— Information supplied —
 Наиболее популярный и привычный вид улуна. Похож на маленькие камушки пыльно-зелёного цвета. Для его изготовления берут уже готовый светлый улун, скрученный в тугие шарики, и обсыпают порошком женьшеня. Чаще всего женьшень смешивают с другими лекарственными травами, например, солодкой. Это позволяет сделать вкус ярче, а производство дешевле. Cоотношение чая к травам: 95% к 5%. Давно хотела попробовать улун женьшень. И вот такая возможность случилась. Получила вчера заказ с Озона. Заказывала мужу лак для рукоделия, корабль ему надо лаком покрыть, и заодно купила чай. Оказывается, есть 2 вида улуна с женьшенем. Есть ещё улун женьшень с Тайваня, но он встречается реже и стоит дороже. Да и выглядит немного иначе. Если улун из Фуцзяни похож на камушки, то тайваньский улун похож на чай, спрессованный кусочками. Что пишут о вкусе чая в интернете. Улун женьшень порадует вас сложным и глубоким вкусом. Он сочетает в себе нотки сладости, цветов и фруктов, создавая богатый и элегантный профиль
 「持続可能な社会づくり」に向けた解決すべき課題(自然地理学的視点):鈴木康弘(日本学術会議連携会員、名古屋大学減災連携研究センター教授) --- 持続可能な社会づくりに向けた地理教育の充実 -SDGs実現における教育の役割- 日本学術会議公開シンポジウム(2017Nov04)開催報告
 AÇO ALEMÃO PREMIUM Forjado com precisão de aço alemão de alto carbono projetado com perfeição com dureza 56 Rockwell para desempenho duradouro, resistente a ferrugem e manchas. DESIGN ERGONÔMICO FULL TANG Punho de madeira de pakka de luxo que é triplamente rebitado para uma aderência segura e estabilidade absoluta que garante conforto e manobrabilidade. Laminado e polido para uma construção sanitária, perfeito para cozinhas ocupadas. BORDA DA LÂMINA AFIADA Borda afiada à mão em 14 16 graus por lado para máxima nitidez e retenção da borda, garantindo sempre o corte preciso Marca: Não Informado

---

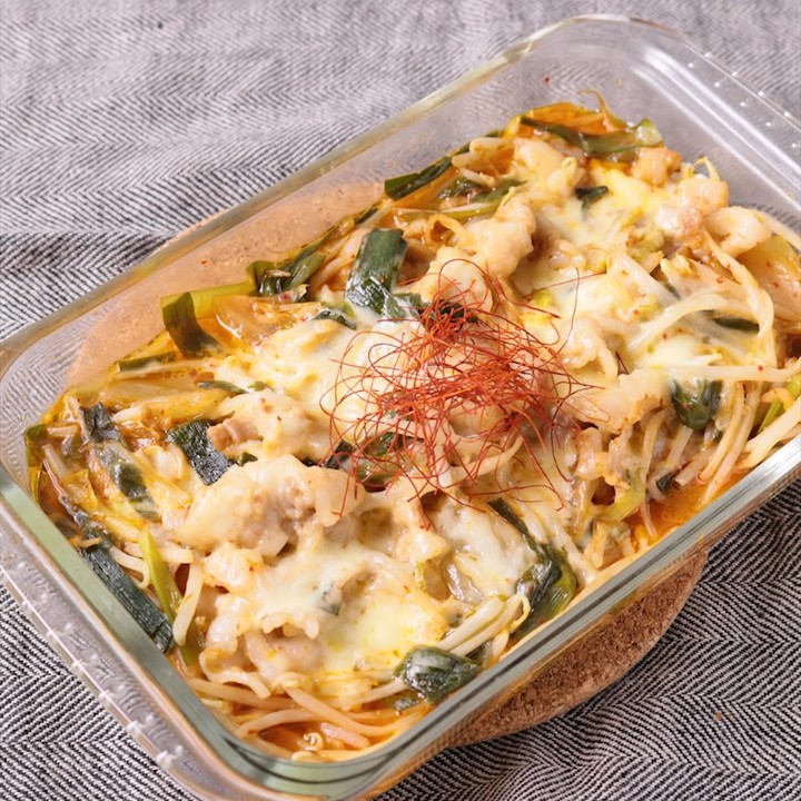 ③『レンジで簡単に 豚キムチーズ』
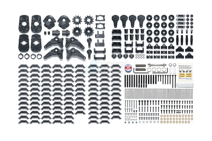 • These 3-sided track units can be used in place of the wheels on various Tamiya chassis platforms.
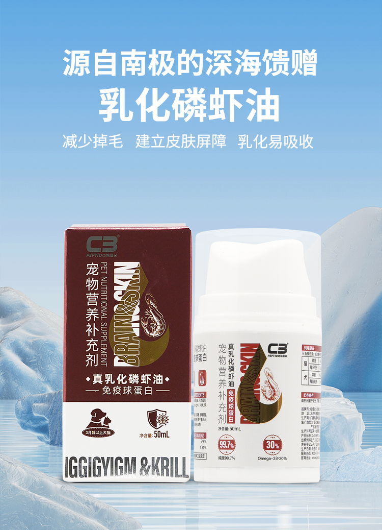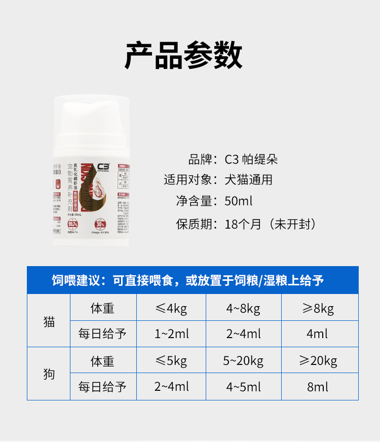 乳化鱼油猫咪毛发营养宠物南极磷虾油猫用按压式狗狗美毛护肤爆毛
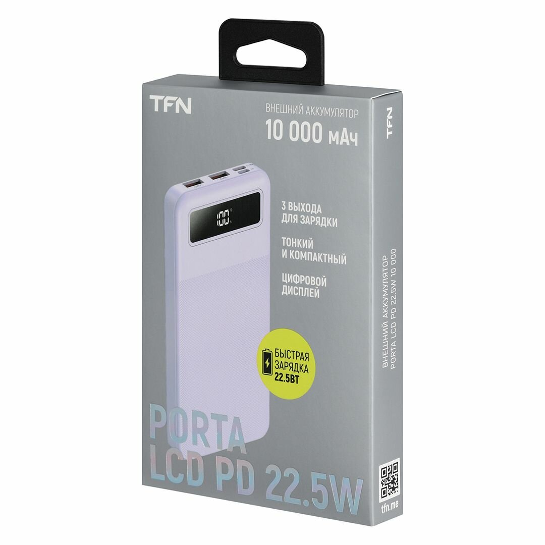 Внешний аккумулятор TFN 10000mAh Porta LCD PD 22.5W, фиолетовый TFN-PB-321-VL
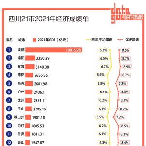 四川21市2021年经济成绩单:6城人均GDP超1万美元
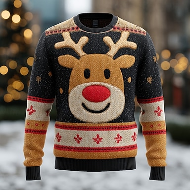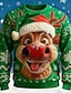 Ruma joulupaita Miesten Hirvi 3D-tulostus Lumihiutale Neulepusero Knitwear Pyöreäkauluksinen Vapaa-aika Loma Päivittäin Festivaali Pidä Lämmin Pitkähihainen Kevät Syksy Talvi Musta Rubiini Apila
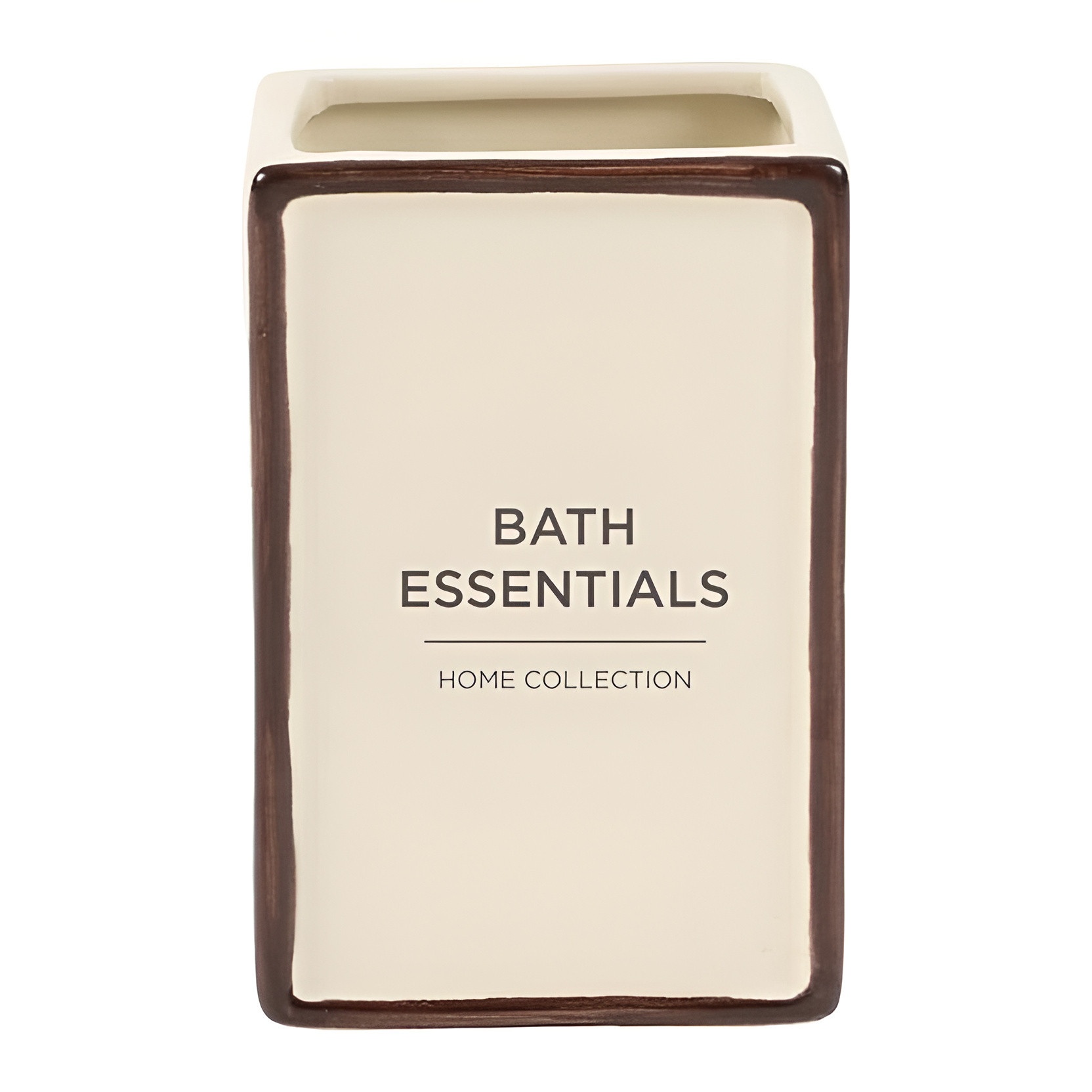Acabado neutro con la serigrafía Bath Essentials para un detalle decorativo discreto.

— Exercise aim —
Your reply should hold nothing but the lines above, from the one containing "③『レンジで簡単に 豚キムチーズ』" to the one containing "Acabado neutro con", reproduced exactly minus the pictures.

— Reply —
 ③『レンジで簡単に 豚キムチーズ』
 • These 3-sided track units can be used in place of the wheels on various Tamiya chassis platforms.
 乳化鱼油猫咪毛发营养宠物南极磷虾油猫用按压式狗狗美毛护肤爆毛
 Внешний аккумулятор TFN 10000mAh Porta LCD PD 22.5W, фиолетовый TFN-PB-321-VL
 四川21市2021年经济成绩单:6城人均GDP超1万美元
 Ruma joulupaita Miesten Hirvi 3D-tulostus Lumihiutale Neulepusero Knitwear Pyöreäkauluksinen Vapaa-aika Loma Päivittäin Festivaali Pidä Lämmin Pitkähihainen Kevät Syksy Talvi Musta Rubiini Apila
Acabado neutro con la serigrafía Bath Essentials para un detalle decorativo discreto.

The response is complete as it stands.